• [Directions] Data follows below. Repeat exactly the lines between the line holding "Château Mouton Rothschild" and the line holding "Garmin Fenix 8", inclusive, and nothing more; drop pictures.
[[ Record extracts, beginning ]]
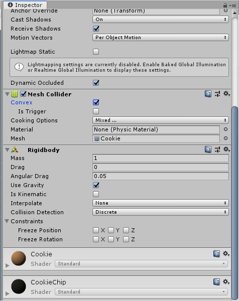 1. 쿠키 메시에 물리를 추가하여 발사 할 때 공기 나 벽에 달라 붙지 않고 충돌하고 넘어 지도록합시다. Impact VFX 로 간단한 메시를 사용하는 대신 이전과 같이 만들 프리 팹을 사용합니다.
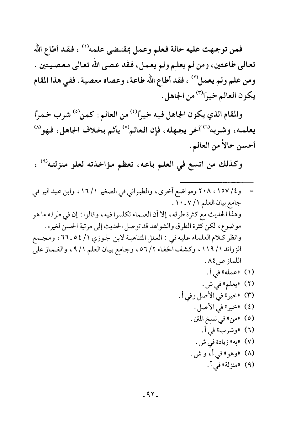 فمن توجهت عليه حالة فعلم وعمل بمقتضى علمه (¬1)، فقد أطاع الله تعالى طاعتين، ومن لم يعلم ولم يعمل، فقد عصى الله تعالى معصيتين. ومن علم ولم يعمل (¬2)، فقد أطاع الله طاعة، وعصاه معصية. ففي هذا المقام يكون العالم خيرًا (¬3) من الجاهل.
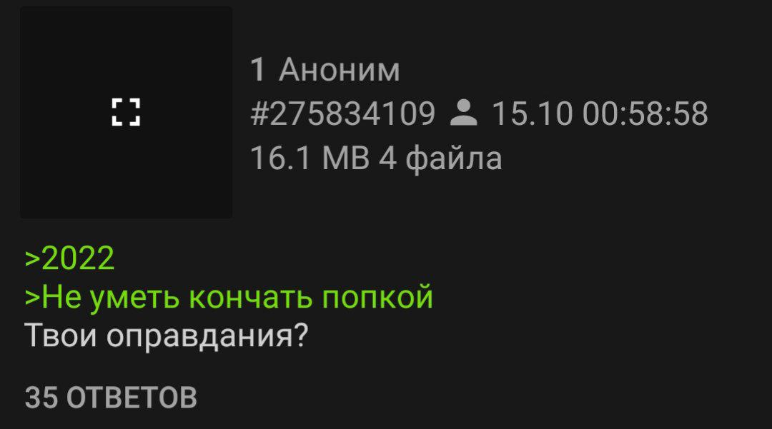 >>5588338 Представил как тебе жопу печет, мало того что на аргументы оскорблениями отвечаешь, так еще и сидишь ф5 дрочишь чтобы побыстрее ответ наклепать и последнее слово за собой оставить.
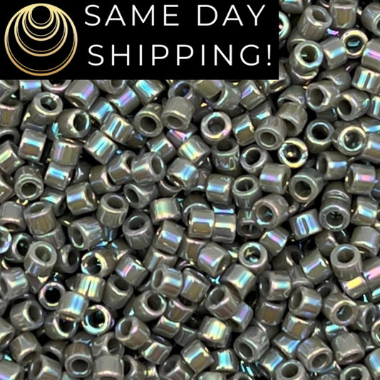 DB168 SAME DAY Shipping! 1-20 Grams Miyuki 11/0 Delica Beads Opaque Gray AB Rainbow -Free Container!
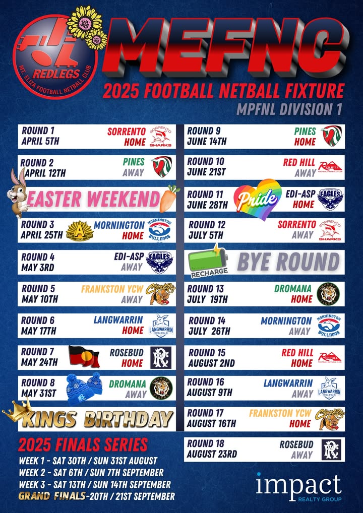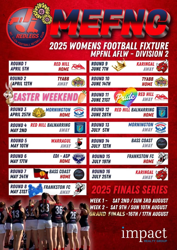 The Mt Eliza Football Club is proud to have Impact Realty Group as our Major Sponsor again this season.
[[ Record extracts, end ]]
[[ Record extracts, beginning ]]
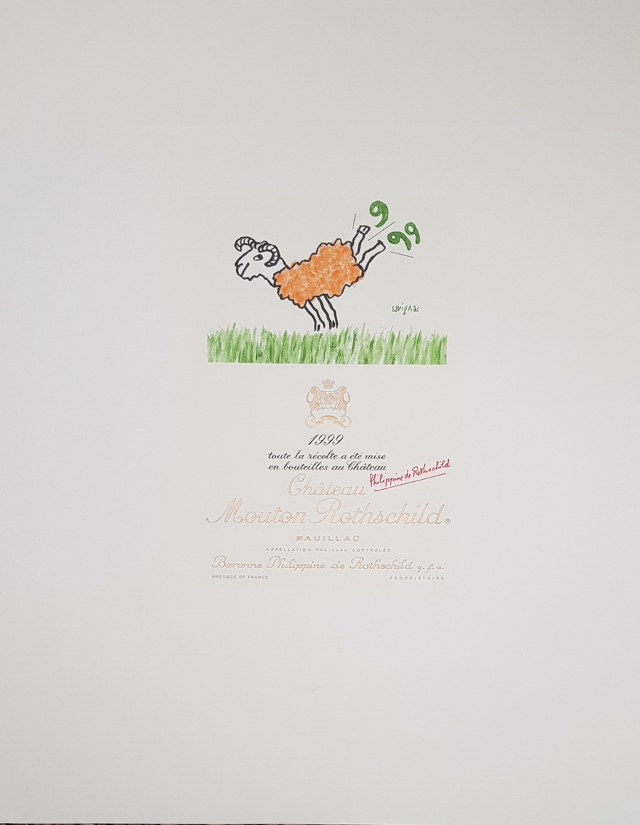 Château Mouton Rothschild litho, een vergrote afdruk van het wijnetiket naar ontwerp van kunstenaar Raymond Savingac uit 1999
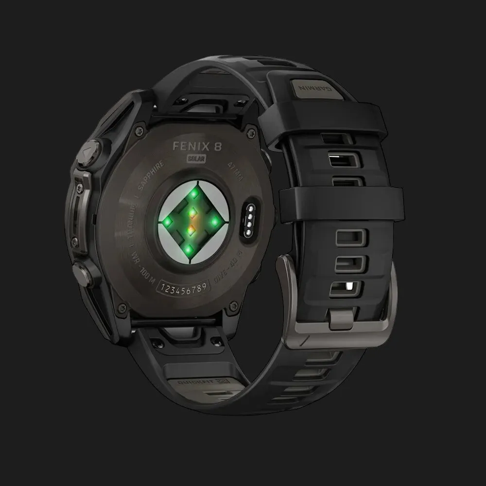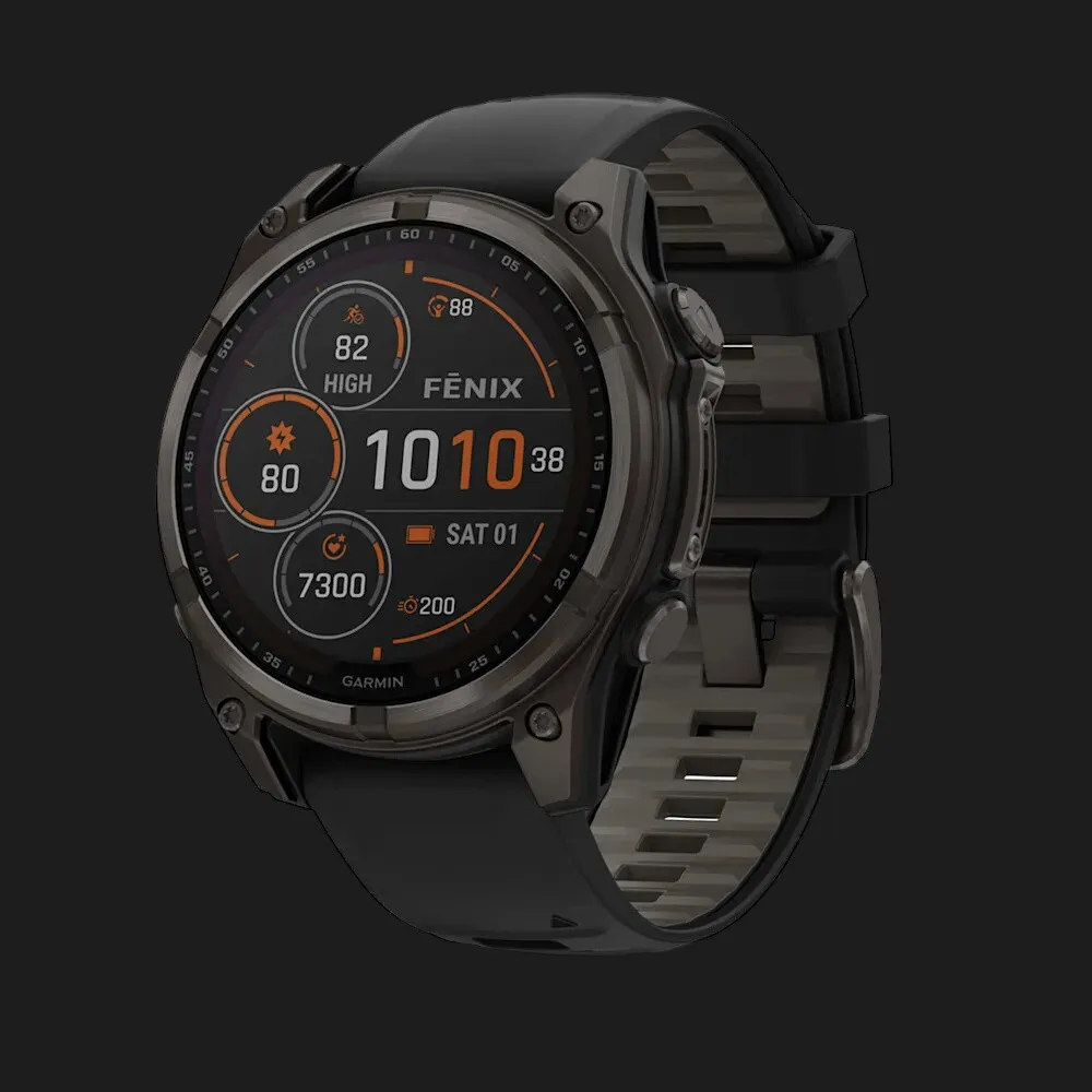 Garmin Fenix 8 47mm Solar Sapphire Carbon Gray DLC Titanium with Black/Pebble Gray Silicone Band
[[ Record extracts, end ]]
• [Response box]
 Château Mouton Rothschild litho, een vergrote afdruk van het wijnetiket naar ontwerp van kunstenaar Raymond Savingac uit 1999
 Garmin Fenix 8 47mm Solar Sapphire Carbon Gray DLC Titanium with Black/Pebble Gray Silicone Band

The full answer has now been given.